O planejador urbano participa desse processo quando elabora as propostas de intervenções para o espaço. É importante observar que o mesmo encontra-se ligado ao Estado, uma vez que este último se torna “seu cliente”, atendendo ao anseio dos governantes constroem um projeto “belo”, mas na prática impraticável, heterotópico.

O projeto se torna um discurso de promoção de imagem, um projeto aparentemente sem efeitos práticos, mas como modelo de intervenção poderá orientar a expansão dos usos da terra em Serra ou ter consequências sobre parte considerável da população, que não o escolheu. Assim, por meio de “inspiração” ele consolidaria as intervenções que mudariam a “cara” e a parcela das populações ali vivendo.

Estratégia imagética, ícone, o “projeto” provavelmente engavetado, mas terá posto sua marca e certamente terá antecipado desejos não explicitados, ou explicitados de maneira menos clara, de ocupação pelo mercado de áreas até então relativamente protegidas, a exemplo do entorno do Mestre Álvaro e das lagoas.

O governo de Serra segue à risca a govermentalidade e tem o city marketing como sua principal estratégia, apoiado pela mídia local, comercializando partes da cidade, seguindo uma cultura “desenvolvimentista” baseada no capital imobiliário e na atração da população dominante socioeconomicamente, desprezando aqueles que os elegeram.

Na cidade real de Serra, encontramos a dinâmica dos espaços ditos segregados ou auto-segregados: os processos de favelização, condomínios fechados, projetos de requalificação urbana que homogeneízam e promovem a “limpeza social” do lugar são exemplos dessa segregação espacial e ajudam a enaltecer o abismo entre uma parcela da população e outra. O Projeto Lerner, nesse contexto, talvez seja mais um destes mecanismos pela configuração que o mesmo tomou.

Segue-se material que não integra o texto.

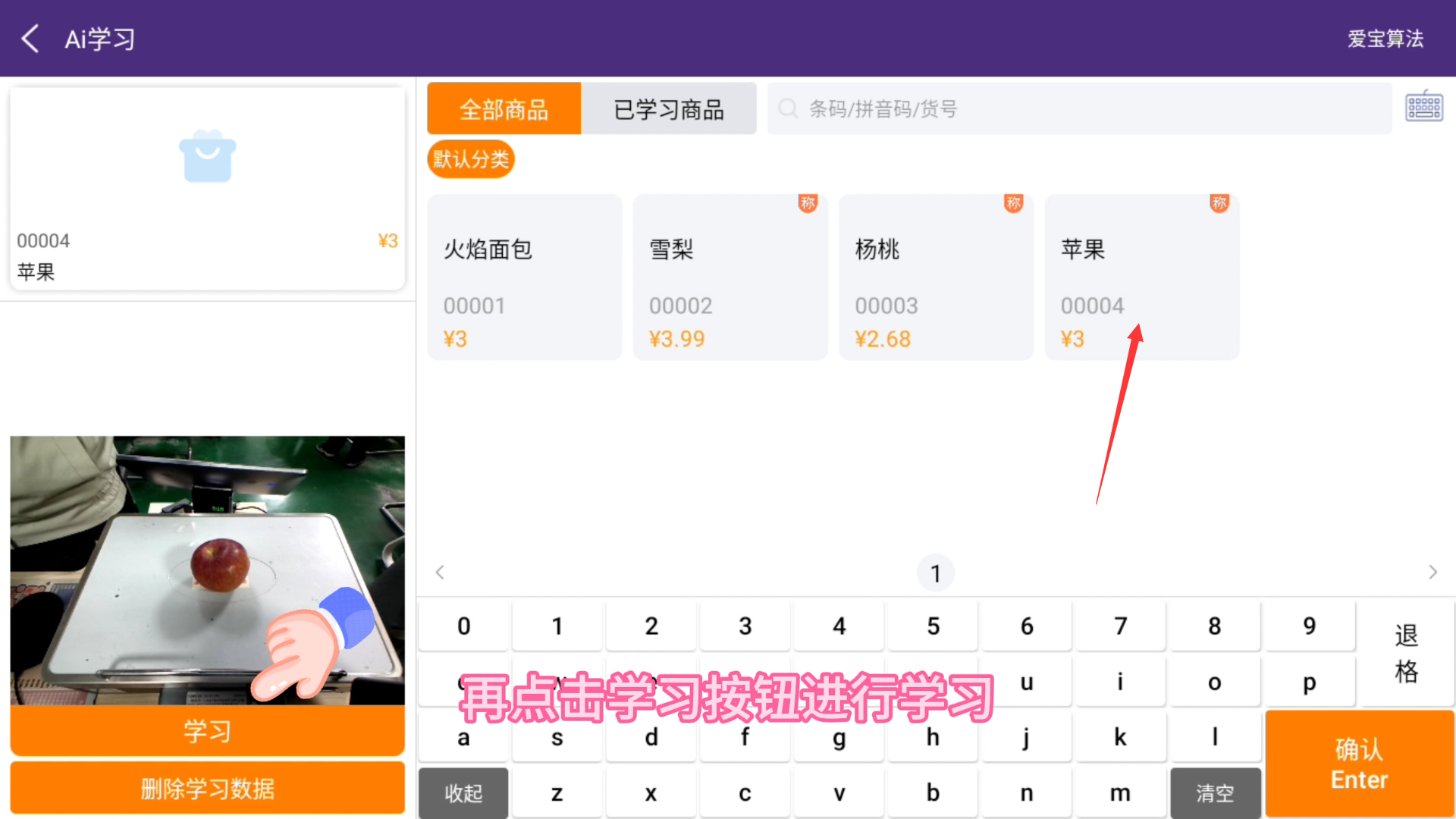 收银首页【更多】-【AI学习】秤盘上放商品,右侧选择商品,点击学习,显示学习成功,再多角度学习。

Por outro lado, concomitante a esse fato, vimos por parte do Estado, juntamente com a mídia, a tentativa de padronização da sociedade urbana. Enaltece-se certos comportamentos, certos espaços, os colocando como modelos a serem seguidos. Reduzem-se as aparentes diferenças e colocam-se os vários constituintes da sociedade em pacotes devidamente lacrados e identificados.

O Projeto Lerner vem exatamente de encontro com as questões postas, o projeto urbano que devia servir de instrumento para a cidade, serve ao Estado, que, por sua vez, serve ao capital, no caso de Serra, o capital imobiliário e aos donos de terra.

Nesse sentido, é preciso uma mudança de paradigma, principalmente em relação o Estado. Compreender que a instituição não está acima da sociedade e que os grupos sociais também fazem parte dela, isto é importante à medida que traz o direito e o dever à sociedade de produzir e pensar as cidades.

Entendemos que ao demostrar o processo de produção do urbano por meio de um “projeto”, aparentemente de interesse de todos, podemos perceber quais os agentes que realmente atuam na sua construção e como eles se mantem como principais agenciadores do espaço, para então tentar modificar a ordem imposta, abrindo caminhos para a participação igualitária de todos os segmentos sociais na produção da cidade, abrindo, assim, possibilidades para o aprofundamento deste trabalho nessa perspectiva, principalmente no que diz respeito a ação das sobre a governamentalidade do Estado.

Desmontando a noção do Estado maniqueísta e compreendendo que o próprio corpo da sociedade está no Estado e, ele, na própria sociedade, abrimos precedentes para a inclusão da participação social efetiva, no entanto é necessário sair das relações macro, o que fez essa dissertação, e partir para relações micro, o que pretendemos fazer em um outra etapa.